When confronted with the evidence, Pitre said he offered McKee between $5,000 and $10,000 to hurt his ex-wife, police and prosecutors said.

But he said he'd never intended for her to die. Instead, he planned to interrupt the assault, save her life and win her back.

"He said he planned to save her, but that he overslept," according to police.

Pitre, a former Marine sergeant from Louisiana, was on leave when he met Cheryl Pitre in a small town near Pittsburgh.

The two moved to Whidbey Island, then separated and divorced.

In 1980, Pitre was convicted of second-degree murder for the shooting death of his then-lover's husband, Navy Lt. Cmdr.
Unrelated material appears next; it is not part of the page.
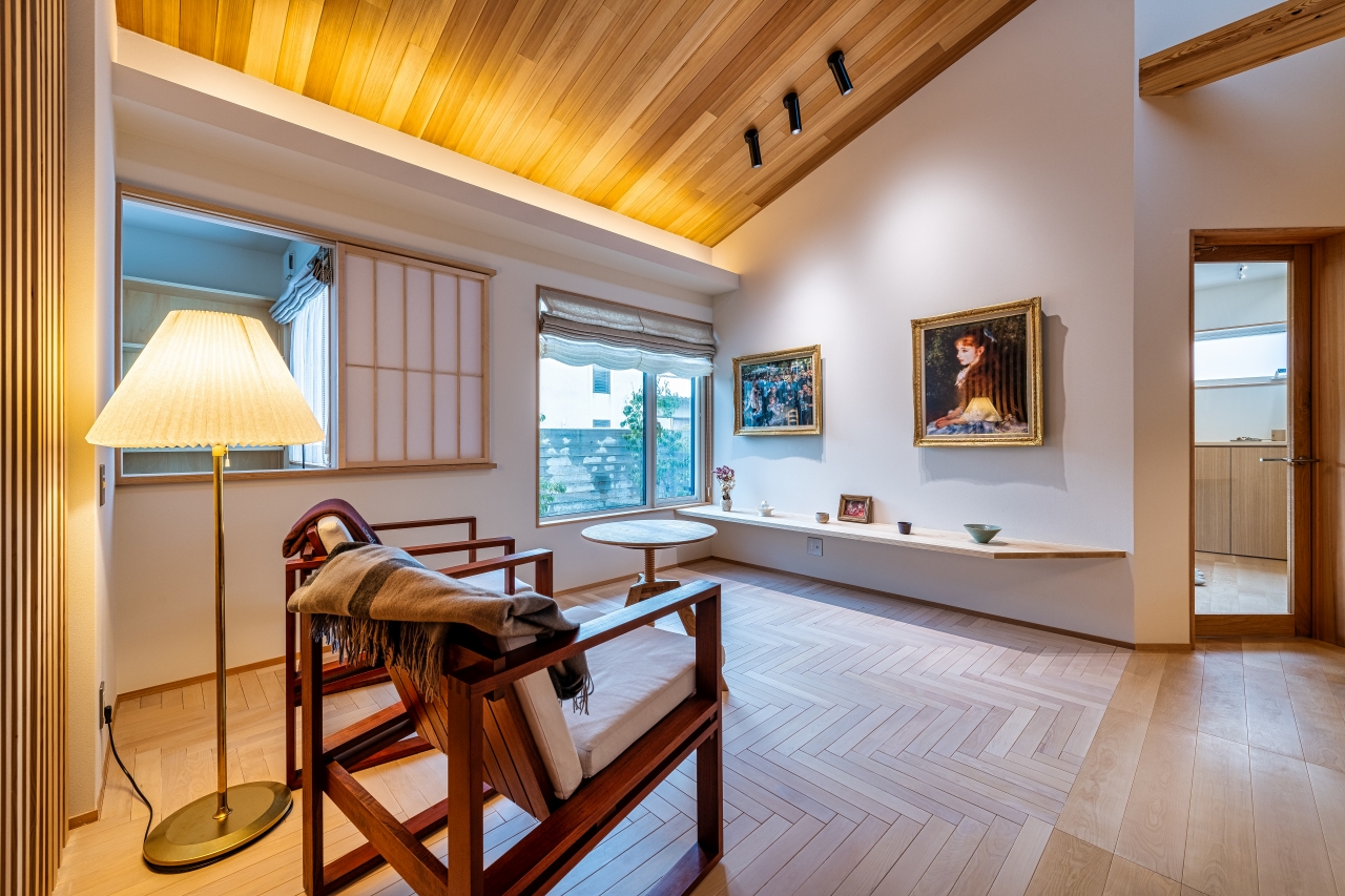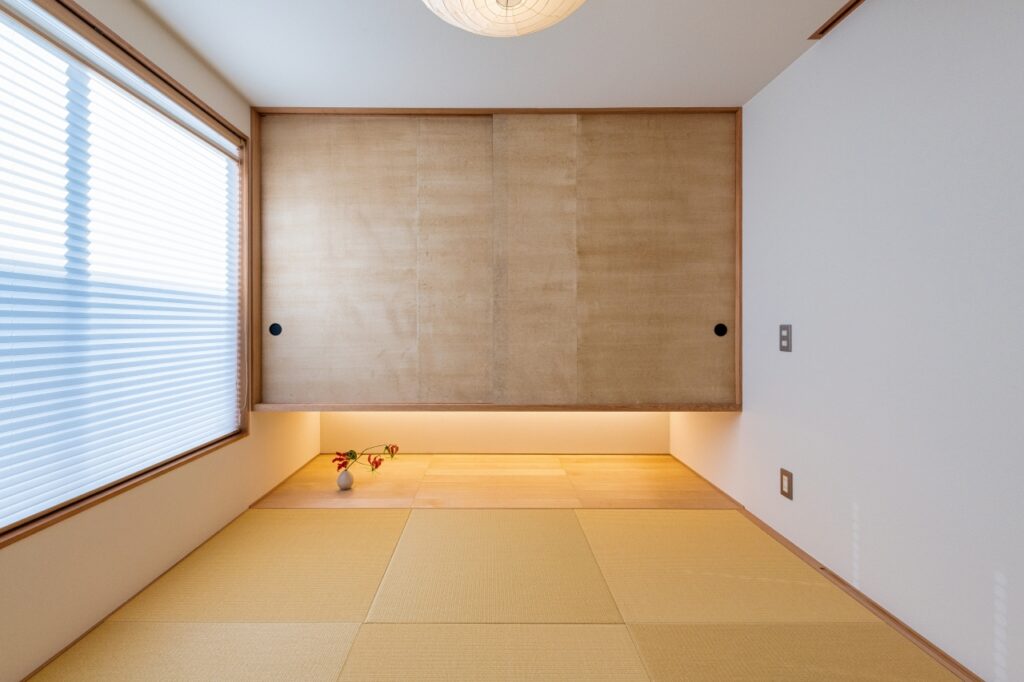 和紙貼りの襖・吊収納の下に仕込んだ間接照明が、落ち着いた雰囲気を作る

Dennis Archer, and sentenced to 35 years.

He was paroled in 1986 after Cheryl Pitre lobbied hard for his release. The couple had remarried while Roland Pitre was still in prison. She convinced her employer, for example, to write the parole board, promising Pitre a job upon his release.

After Cheryl Pitre's death, Roland Pitre remarried, and then divorced, a Bremerton woman with teenage children.

In 1993, Pitre and a female accomplice were convicted of attempting to kidnap and hold for ransom one of his former stepchildren.

When he was arrested for the kidnapping, Pitre admitted to police and prosecutors that he'd set up the kidnapping.

But, in a story that would later sound familiar, he described it as just an elaborate ploy to win his former wife back, court documents show.